Riegl Laser Measurement Systems launched the long-range airborne laser scanner LMS-Q780, used in applications of up to 10,000 feet at 100 kHz laser pulse repetition rate.
The laser wavelength qualifies the scanner for glacier and snowfield mapping, and its digital waveform processing capabilities for high-altitude topographic mapping.
Features of the instrument include the automated resolution of range ambiguities, typically occurring at large measurement ranges and high repetition rates.

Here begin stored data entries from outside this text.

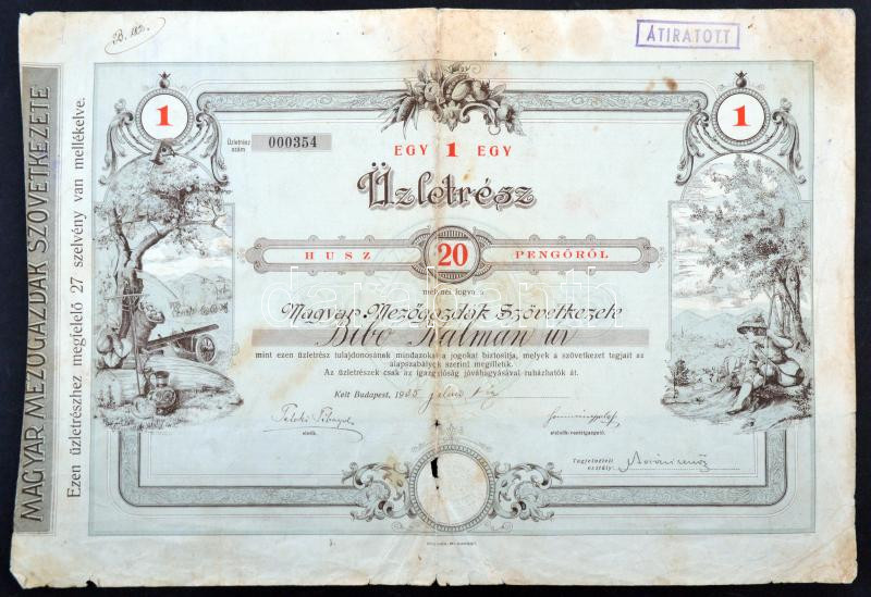 Budapest 1935. "Magyar Mezőgazdák Szövetkezete" üzletrésze 20P-ről fel... https://www.darabanth.com/hu/267-Gyorsarveres/267.0/Numizmatika/Reszvenyek-es-sorsjegyek~400005/Budapest-1935-Magyar-Mezogazdak-Szovetkezete-uzletresze-20P-rol-felulbelyegzesekkel-sze~II1339841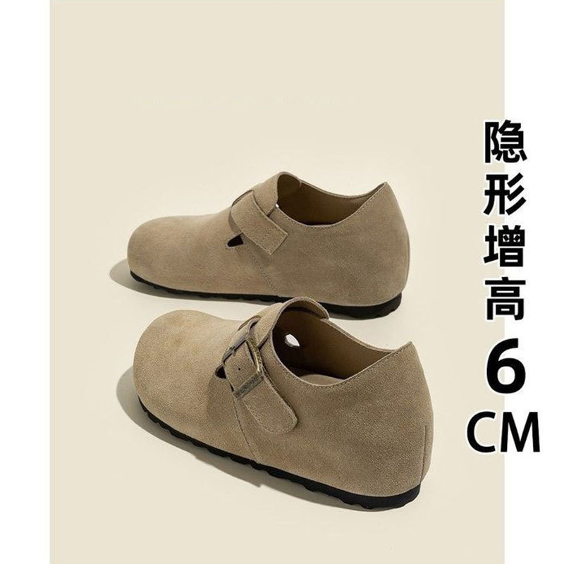 프로스트 가죽 버켄 신발 6cm 증가 가죽 여성 신발 2025 봄과 여름 새 우유 신발 여성용 비니 신발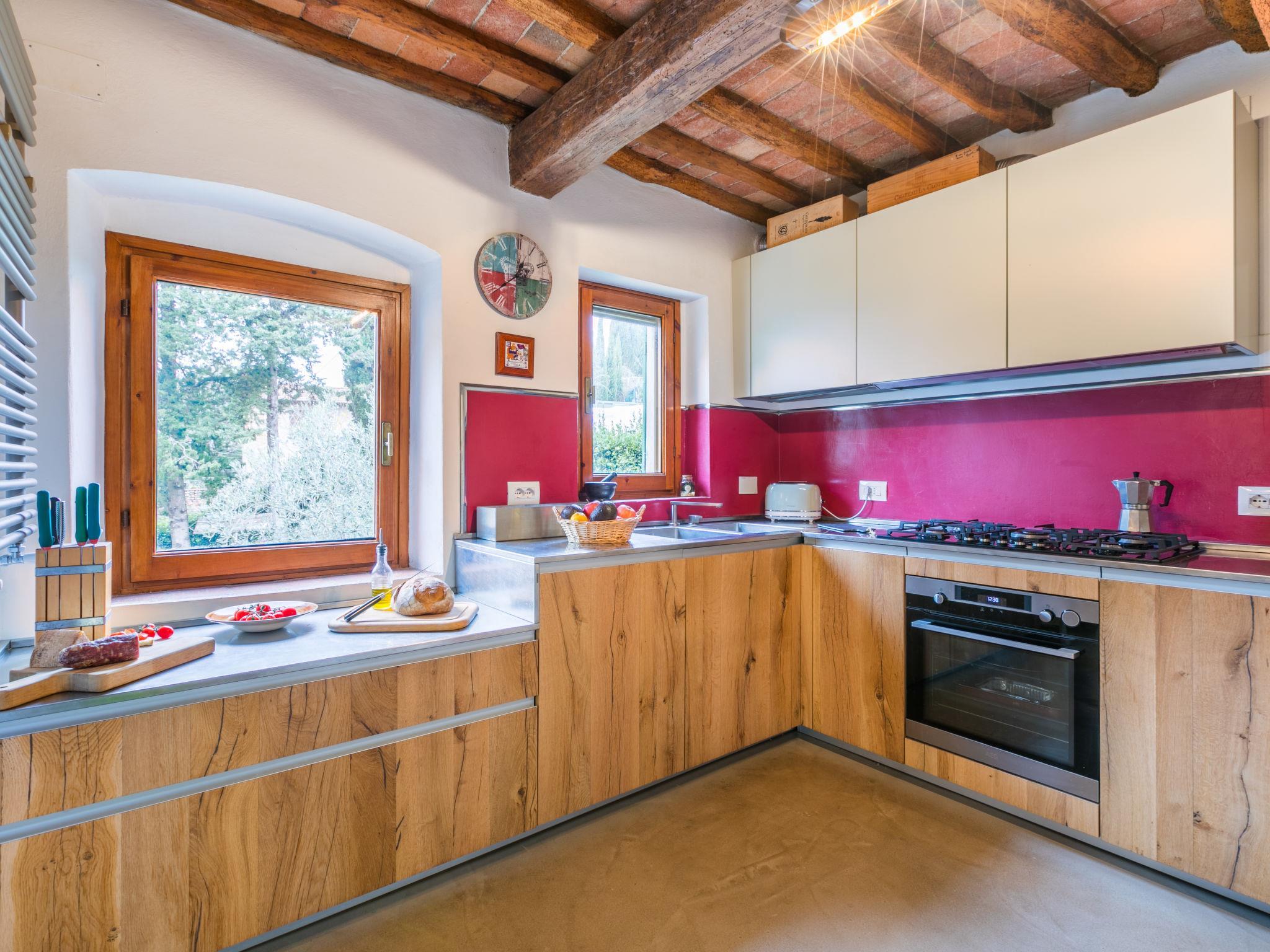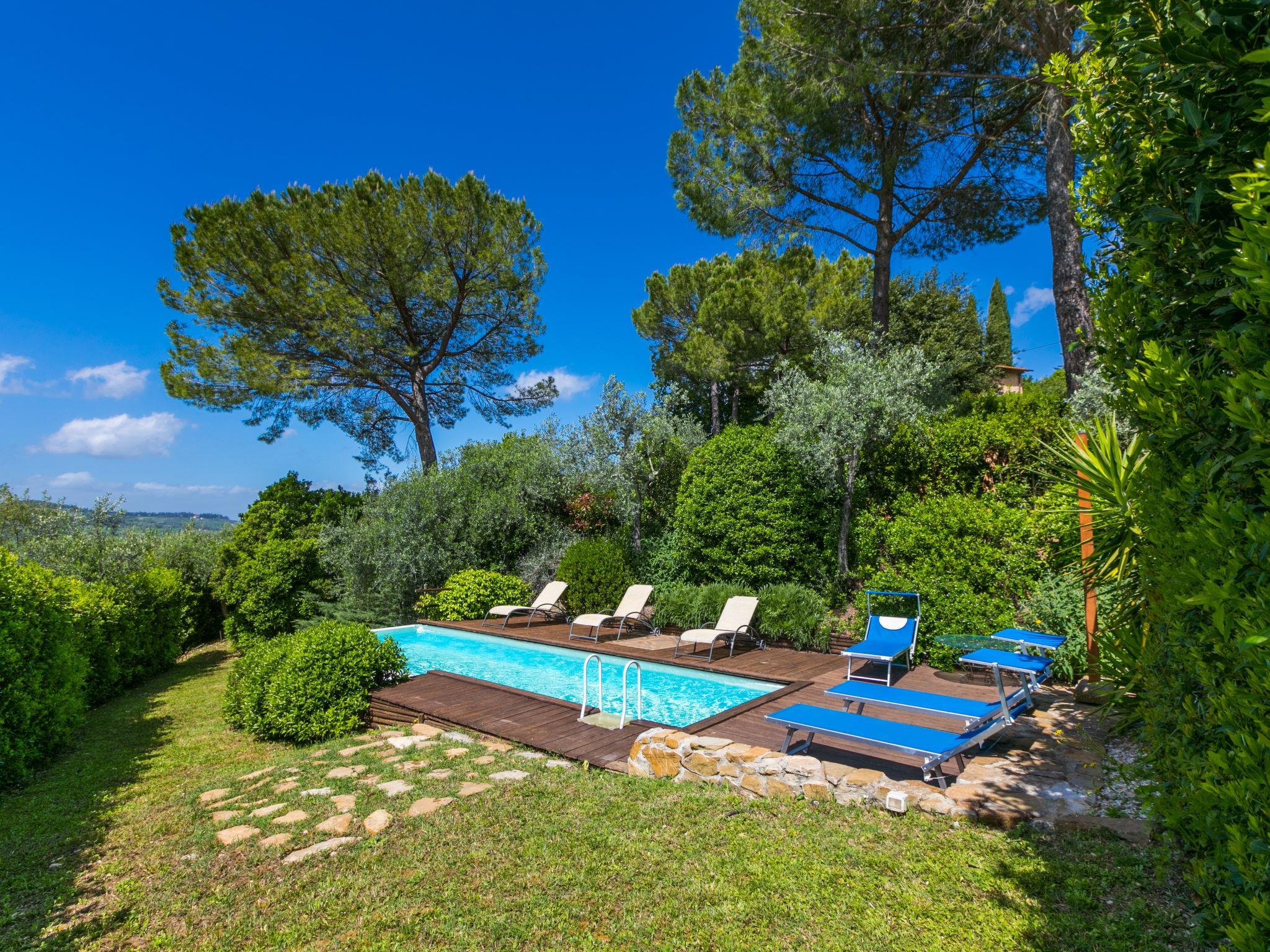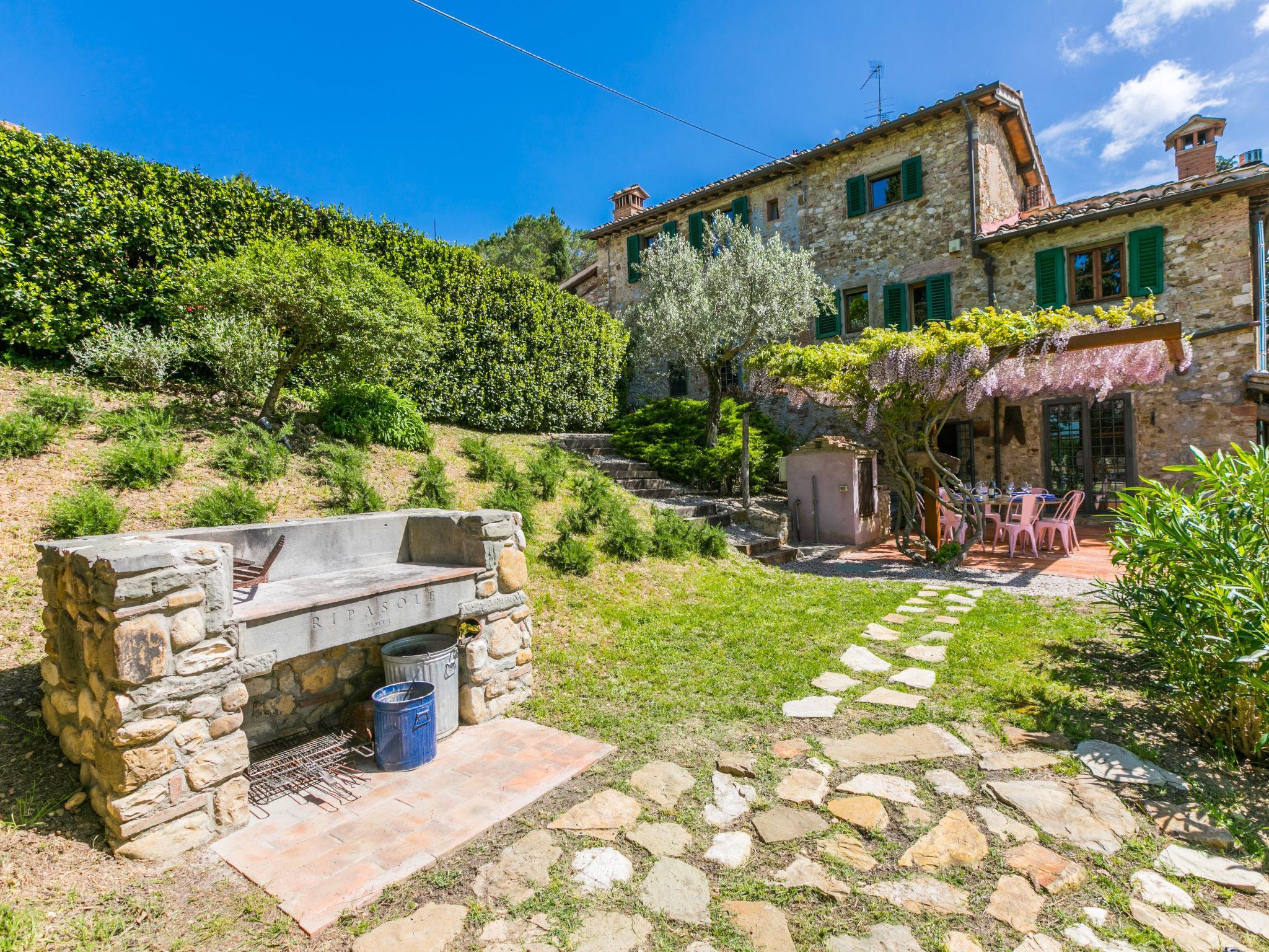 S.Casciano Val di Pesa: Large, cosy farmhouse "Sole", 3 storeys, renovated in 2019, surrounded by trees and vineyards. 2.5 km from the centre of San Scasciano, in a secluded, sunny position on a slope, 90 km from the sea, in the countryside. Private: property 600 m2 (fenced), terraced garden with wildlife garden and trees, swimming pool (above ground) (3 x 8 m, seasonal availability: 10.May. - 10.Oct.). Outdoor shower, terrace, garden furniture, barbecue, pool maintenance by the owner/gardener. In the house: washing machine. Linen change (suppl. charge extra). Towel change (suppl. charge extra). Cook on request (extra). Pre-arrival grocery service. 800 m long bumpy, narrow motor access to the house. Parking (for 4 cars) at the house on the premises. Shop 2 km, grocery 2 km, supermarket 2 km, restaurant 2 km, bakery 2 km, bicycle rental 2 km, bus stop "San Casciano" 2 km, railway station "Firenze Santa Maria Novella" 22 km, sandy beach 90 km, indoor swimming pool 4 km. Golf course (18 hole) 21 km, tennis 4 km, walking paths from the house 100 m. Nearby attractions: Firenze 22 km, San Gimignano 40 km, Siena 60 km, Pisa 74 km. Please note: car recommended. Baby equipment (included). Groups of teenagers on request only. Local sale of farm products.

Peter Rieger, product manager of airborne laser scanning said: “The effect of range ambiguities appearing in airborne laser scanning is known as ‘multiple-time-around’ or ‘multiple-pulses-in-the-air.’ Up to now it was necessary to carefully consider the appearance of range ambiguities during flight planning by choosing a flight altitude above ground assuring that all range measurements stay within a single MTA zone – which may be a really difficult task especially in complex terrain like mountainous areas. Riegl’s new generation of airborne laser scanners overcome this limitation by multiple-time-around (MTA) processing.”
For the LMS-Q780 this technique allows a maximum measurement range of 2450 meters at a PRR of 400 kHz and a target reflectivity of 20 percent. Up to 9 laser pulses and their corresponding echoes can be on their way between laser scanner and ground targets simultaneously.